The scope is the top-right 5 × 5 portion of the p-block, spanning periods 2 to 6 across groups 13 to 17. Figure 1 attached shows the post-melting-attempt status of these elements, indicating whether they retain or change their metallic or nonmetallic nature—or whether they sublime instead of melting.
Melting, and exceptions
Of the elements that melt, most preserve their metallic or nonmetallic identity. But there are noteworthy exceptions:
- Silicon and germanium, both nonmetals in the solid state, become liquid metals.
- Arsenic, though a semimetal in the physics-based sense, sublimes at ambient pressure, forming a nonmetallic molecular vapor (As4 and As2).
- Tellurium initially retains its semiconducting (nonmetallic) character just above its melting point (723 K), but undergoes a transition to metallic conductivity from around 850–1000 K.
Other elements of interest:
- Carbon and phosphorus, like arsenic, sublime rather than melt under standard conditions.
- Iodine, while well-known for subliming, can be melted under carefully controlled conditions.
The special case of astatine
Though astatine is predicted to be metallic due to relativistic spin–orbit and dispersion effects, its metallic character may not survive heating. The bonding in solid astatine is likely too weak and too sensitive to thermal expansion and orbital decoherence to sustain a robust metallic liquid. As with arsenic, this suggests modest cohesive energy and a readiness to sublime, even from a metallic lattice. Thus, while metallic in its ground state, astatine may vaporise into a mixture of atomic and weakly bound oligomeric species, behaving more like a volatile metalloid than a classic metal.
Symmetry and broken symmetry
In the image, the thick black dividing line between metals and nonmetals is symmetrical, with its axis running through arsenic. In ambient conditions, this symmetry is preserved—except for relativistic effects, which are expected to result in astatine being a metal. By following the thick black line, the four thick red lines show how the conventional stairstep line is also symmetrical, again with arsenic at its centre.
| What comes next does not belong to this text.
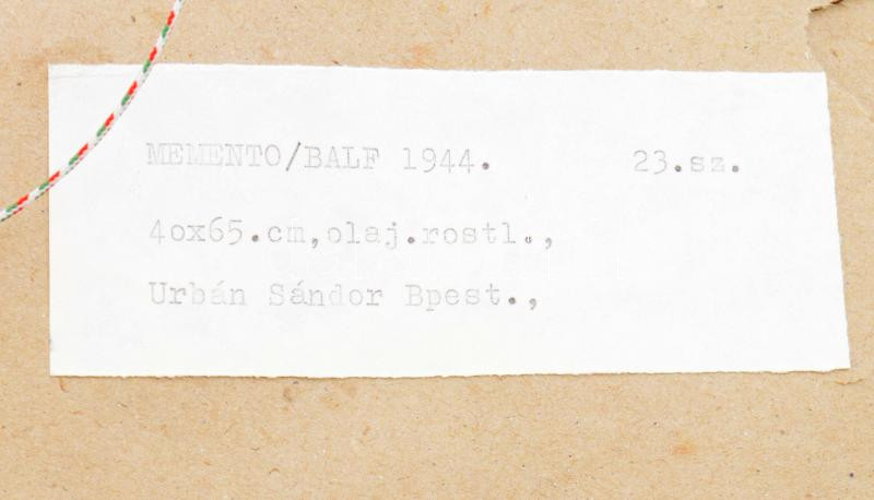 Urbán Sándor (1965-): Balfi memento, 1944. Olaj, farost, jelzett a hát... https://www.darabanth.com/hu/488-Gyorsarveres/488.0/Festmenyek-es-grafikak/Festmenyek-es-grafikak~1/Urban-Sandor-1965-Balfi-memento-1944-Olaj-farost-jelzett-a-hatoldalan-fakeretben-40C3976~II3201513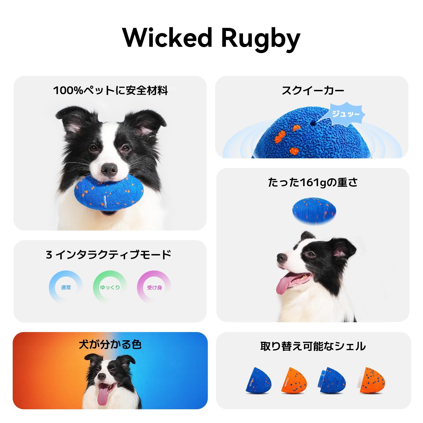 Cheerble 犬自動ボール【2025新型登場】3モード切替 交換可能なカバー 充電式 161gの超軽量 犬に優しいE-TPU素材採用 ラグビー形 音が鳴るおもちゃ 回転・跳ねる犬おもちゃ 中大型犬向け ストレス・運動不足解消 屋内外OK (Wicked Rugby ロイヤルブルー)

A–B diagonal: B–Si–As–Te–At
This line exhibits broken symmetry. The alternating sequence is almost nonmetal → metal → nonmetal → metal → nonmetal, with solid arsenic subliming to serve as the pivot point. I say “almost” because tellurium remains semiconducting just after melting (at 723 K), becoming metallic only at somewhat higher temperatures (850–1000 K).
C–D diagonal: Tl–Sn–As–S–F
This diagonal, too, exhibits a striking symmetry.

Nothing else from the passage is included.